Dual dynamic kernel filtering: Accurate time-frequency representation, reconstruction, and denoising

Abstract

Time-frequency analysis plays a critical role in characterizing non-stationary signals such as electrocardiograms (ECG), where both spectral and temporal details are paramount. In this study, we introduce Dual Dynamic Kernel Filtering (2DKF) for time-frequency decomposition, emphasizing how kernel selection influences signal representation, reconstruction accuracy, and overall filtering performance. To overcome the limitations associated with signal-dependent single-kernel methods, we propose an innovative Dual hybrid kernel strategy that adaptively integrates multiple kernel functions to capture a wide array of signal characteristics. This approach significantly improves temporal alignment via Dynamic Time Warping (DTW), robustly preserves signal distributions as evidenced by quantile-quantile (QQ) plot analyses, and maintains high frequency fidelity during the filtering process.

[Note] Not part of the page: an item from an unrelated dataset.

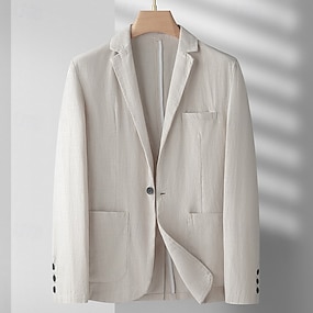 男性用 リネンブレザー ビジネス ファッション カジュアル 春 & 秋 ポリエステル リネン 平織り ポケット ボタン 快適 シングルブレスト ブレザー ホワイト ライトグリーン カーキ色

Extensive experimental comparisons against traditional discrete wavelet transform (DWT) and S-transform filtering, conducted under varying noise conditions, including synthetic noisy ECG with white noise, colored noise (brown and pink), and naturally noisy ECG, demonstrate that our dual hybrid kernel method substantially enhances robustness and consistency in signal reconstruction. Furthermore, we compare our approach with Recursive Multikernel Filtering (RMKF) technique for a benchmark nonlinear signal corrupted by structured noise, alongside wavelet and S-transform techniques. Evaluation metrics, including normalized mean square error (nMSE), root mean square error (RMSE) and correlation coefficients, confirm the superior performance of the proposed approach. These promising results underscore the potential of our method as a powerful tool for the time-frequency analysis of non-stationary signals, with significant implications for advanced ECG signal processing and other biomedical applications.